▸ SUPPLIED MATERIAL:
= Beginning of Section =
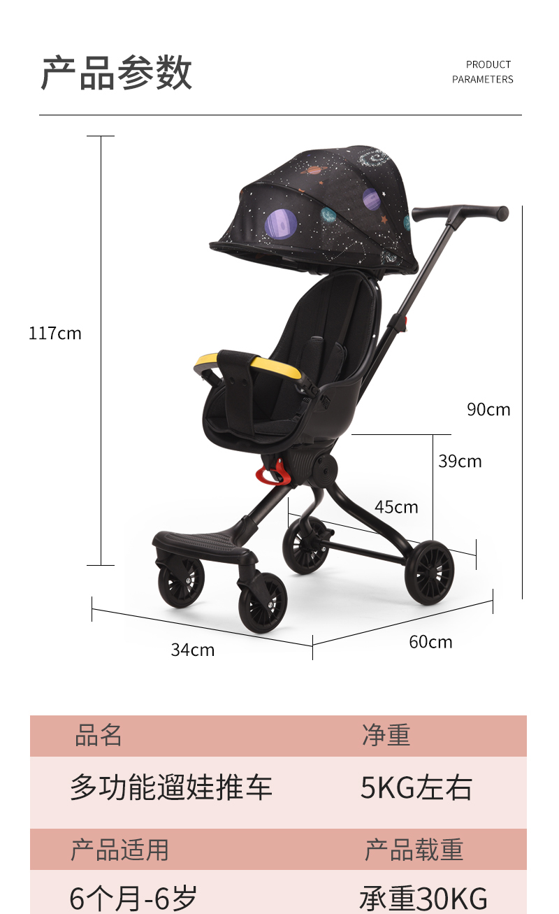 商品名称:airud/艾瑞迪多功能遛娃推车-黑色DK-621
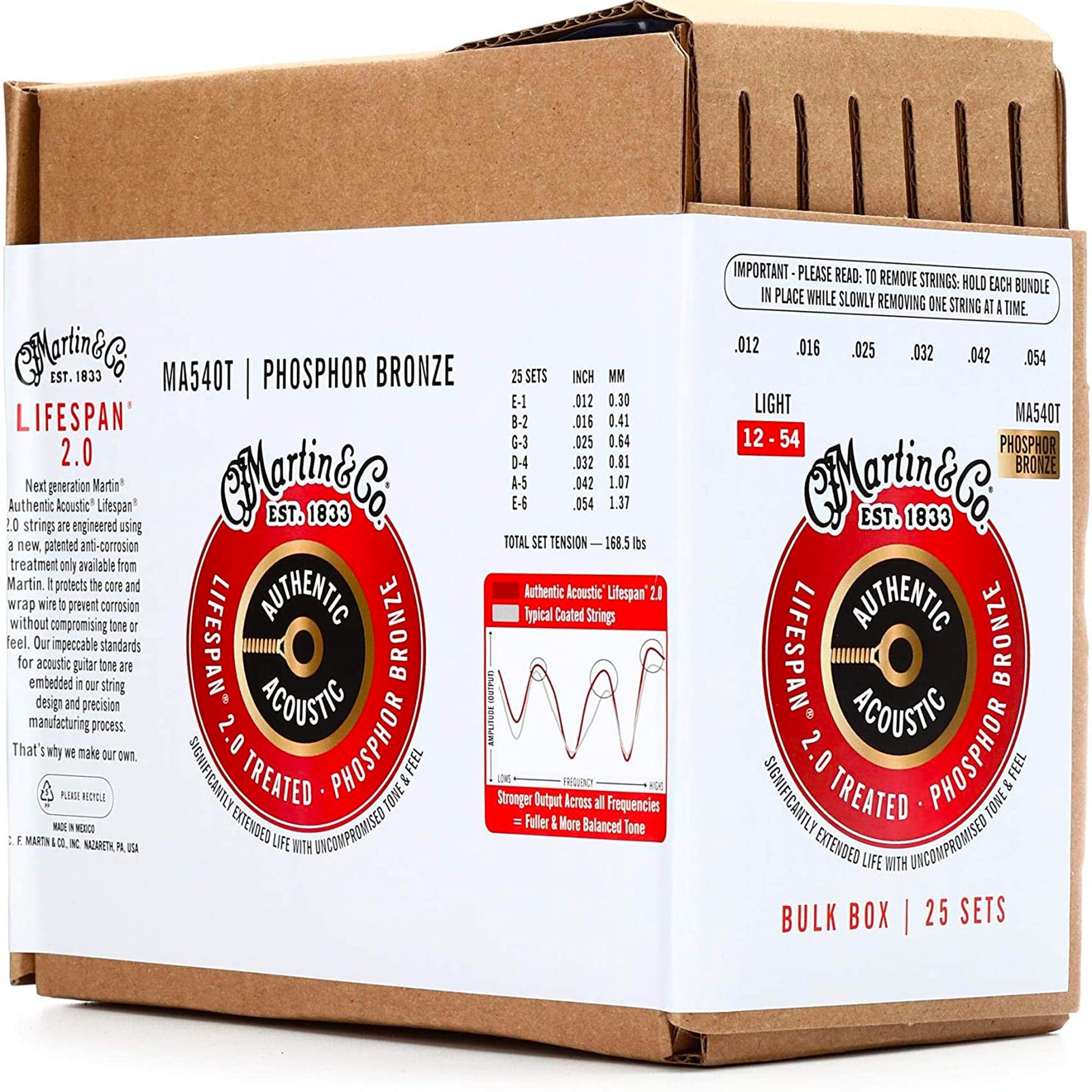 Martin MA540T Lifespan 2.0 Treated Acoustic Guitar Strings Phosphor Bronze Bulk Box 25-Pack 12-54
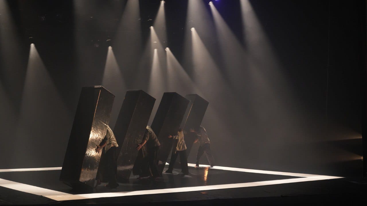 Con iluminación y escenografía de Francisco Córdova, “Perpetuum Tempus” fluye a partir de módulos con una especie de espejos negros que evocan objetos pasados como el espejo de obsidiana al que los Aztecas atribuían propiedades mágicas para realizar viajes al mundo de los antepasados.
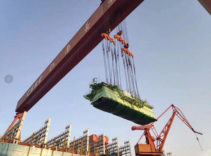 ????日前,中國船舶集團(tuán)旗下滬東中華順利完成23000TEU集裝箱船3號(hào)船的主機(jī)吊裝工作,標(biāo)志著該船向出塢邁出最關(guān)鍵一步。主機(jī)吊裝整個(gè)過程用時(shí)不到5天,同時(shí)取得僅用2.5天就完成5大件吊裝的新突破,為同行業(yè)系列船最短紀(jì)錄。
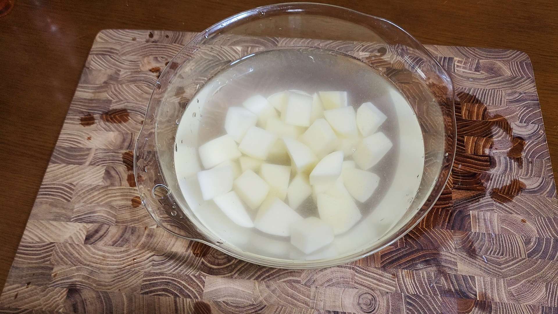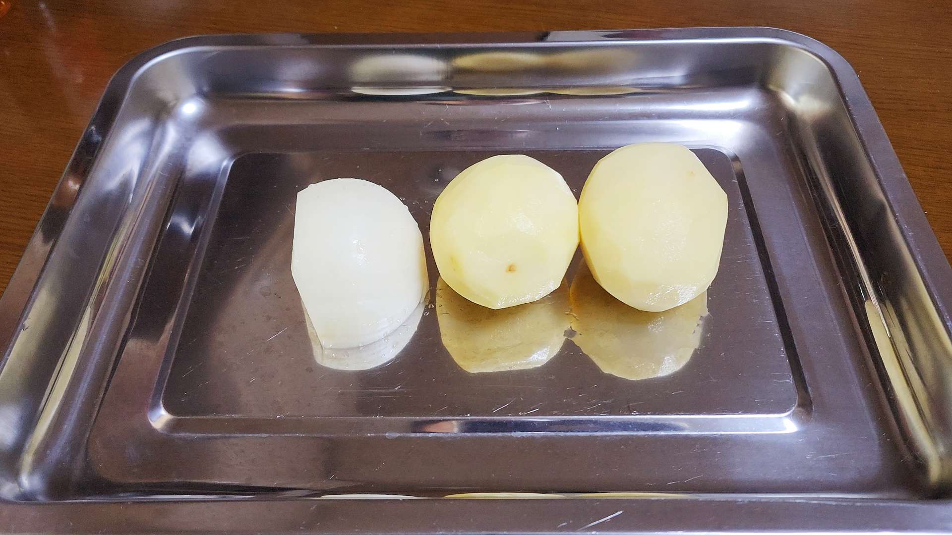 감자는 껍질을 벗기고 깨끗이 씻어줍니다.
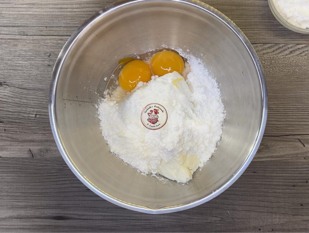 Pour the ricotta, eggs, and powdered sugar into a bowl.
= End of Section =
Every word of the material above should be copied exactly; no pictures.

▸ RESPONSE TO THE EXERCISE:
 商品名称:airud/艾瑞迪多功能遛娃推车-黑色DK-621
 Martin MA540T Lifespan 2.0 Treated Acoustic Guitar Strings Phosphor Bronze Bulk Box 25-Pack 12-54
 Con iluminación y escenografía de Francisco Córdova, “Perpetuum Tempus” fluye a partir de módulos con una especie de espejos negros que evocan objetos pasados como el espejo de obsidiana al que los Aztecas atribuían propiedades mágicas para realizar viajes al mundo de los antepasados.
 ????日前,中國船舶集團(tuán)旗下滬東中華順利完成23000TEU集裝箱船3號(hào)船的主機(jī)吊裝工作,標(biāo)志著該船向出塢邁出最關(guān)鍵一步。主機(jī)吊裝整個(gè)過程用時(shí)不到5天,同時(shí)取得僅用2.5天就完成5大件吊裝的新突破,為同行業(yè)系列船最短紀(jì)錄。
 감자는 껍질을 벗기고 깨끗이 씻어줍니다.
 Pour the ricotta, eggs, and powdered sugar into a bowl.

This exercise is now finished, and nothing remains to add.